How do you feel about this way?

superjamie avatar Aug 27 '24 10:08 superjamie

Hi @friendly-bits just wanted to follow up in case you missed the last message, no rush :)

superjamie avatar Sep 10 '24 00:09 superjamie

Thank you. I'm kinda busy with other stuff rn so couldn't attend to this yet. May need to wait till the end of this week.

friendly-bits avatar Sep 10 '24 06:09 friendly-bits

The /etc/inittab approach has a problem: it relies on that file being used (by another init system, such as Busybox or sysvinit), which may not be the case for all systems with OpenRC. In fact, OpenRC can be run from its own init process: https://wiki.gentoo.org/wiki/OpenRC/openrc-init Which doesn't use /etc/inittab.

Detecting whether inittab is used or not adds more complexity which I'd like to avoid.

So perhaps the simplest way forward would be to rely on the user installing geoip-shell in the same runlevel which they normally run the machine in, and adding this to the init script:

depend() {
    need net
}

https://wiki.gentoo.org/wiki/Handbook:X86/Working/Initscripts#Writing_initscripts

So we could perhaps detect the current runlevel and use it for the init script, write it to the config, and print the name of the runlevel to the console during installation.
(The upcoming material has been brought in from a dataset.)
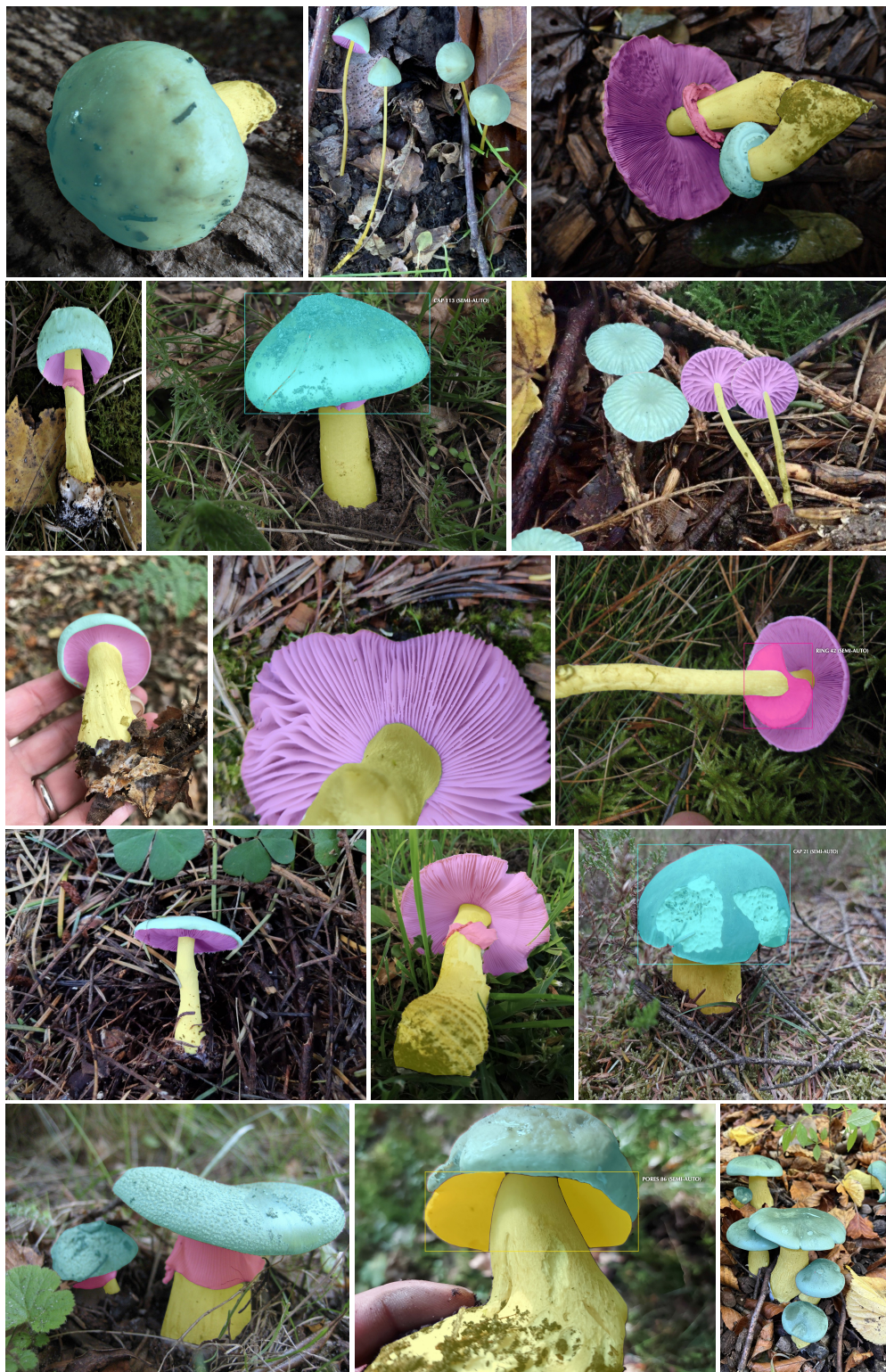
Figure 2: Additional samples of fruiting body part segmentation.

If the user wants to change the runlevel after installation, they could edit the relevant option in the config file. Optionally we could implement an interactive dialog which would enable the user to change the runlevel without manually editing the config. Probably not worth the effort, since in the vast majority of cases I expect that the user wouldn't need to change the runlevel geoip-shell runs in.

friendly-bits avatar Sep 12 '24 01:09 friendly-bits

OpenRC can be run from its own init process

Nice find. I'll modify my first commit to detect openrc-init from /proc/cmdline too.
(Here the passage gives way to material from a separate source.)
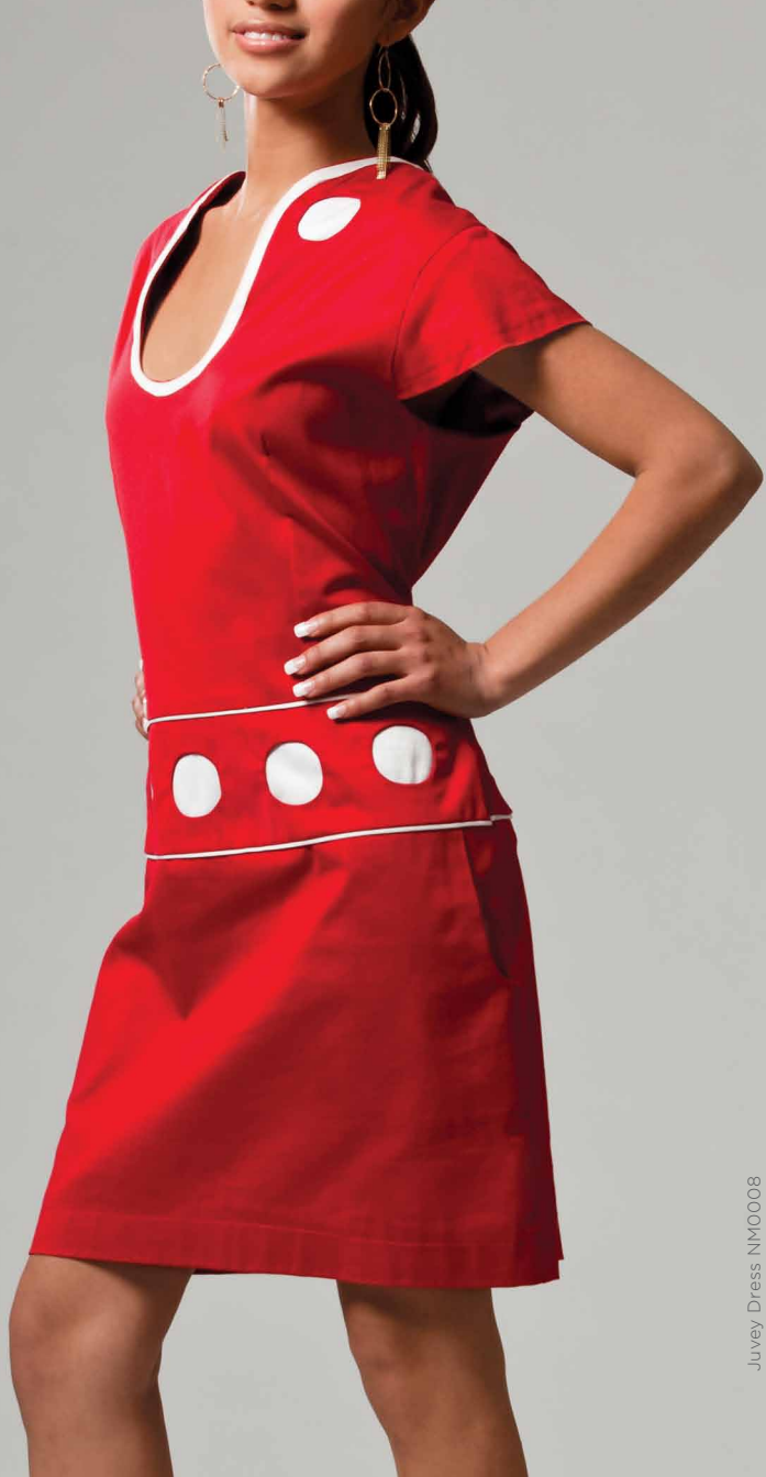
Juvey Dress NM0008

So perhaps the simplest way forward would be to rely on the user installing geoip-shell in the same runlevel which they normally run the machine in

I agree that assumption is both the simplest and most reasonable way.
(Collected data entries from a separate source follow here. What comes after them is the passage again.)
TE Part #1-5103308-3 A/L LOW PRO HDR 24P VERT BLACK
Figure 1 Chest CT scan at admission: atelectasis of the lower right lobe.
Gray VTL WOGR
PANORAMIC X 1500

and adding [depend() { need net }] to the init script

That won't work as-is, because the restore functionality is run as a #!/bin/sh script, not a #!/sbin/openrc-run script.

Unless you're suggesting to change from an OpenRC local.d script to making a full OpenRC initscript to perform the restore? I don't think that's necessary. You already have a great script which handles the restore command, it would needlessly complex to write a full initscript just to call the existing restore command.

net is available by the time local.d scripts run, because local has depend() { after * }.

superjamie avatar Sep 12 '24 03:09 superjamie

A useful feature of the need directive is that when specified services are restarted, that will also restart geoip-shell. I was actually thinking about adding firewall to the dependencies, which would trigger geoip-shell restart on firewall restart, thus restoring the functionality automatically when the firewall is restarted. Not sure which keyword to use for the need directive (I assume the keyword should be found in the provides directive of firewall-providing init scripts). This will probably require a full-blown init script, but is it so hard to put together?

friendly-bits avatar Sep 12 '24 03:09 friendly-bits

This has become longer than I have the spare time for. A one-line local script is now detecting an init system in a distro I don't use and writing a full initscript for an init system I am not really that familiar with.

If any of this has been useful to you, please feel free to use it. I elevate all I've done here to the public domain under Creative Commons Zero and waive all rights.

Thank you for your script and all the best.

superjamie avatar Sep 13 '24 09:09 superjamie

I understand. I will try to implement this feature by myself. Your ideas are appreciated and will definitely be useful.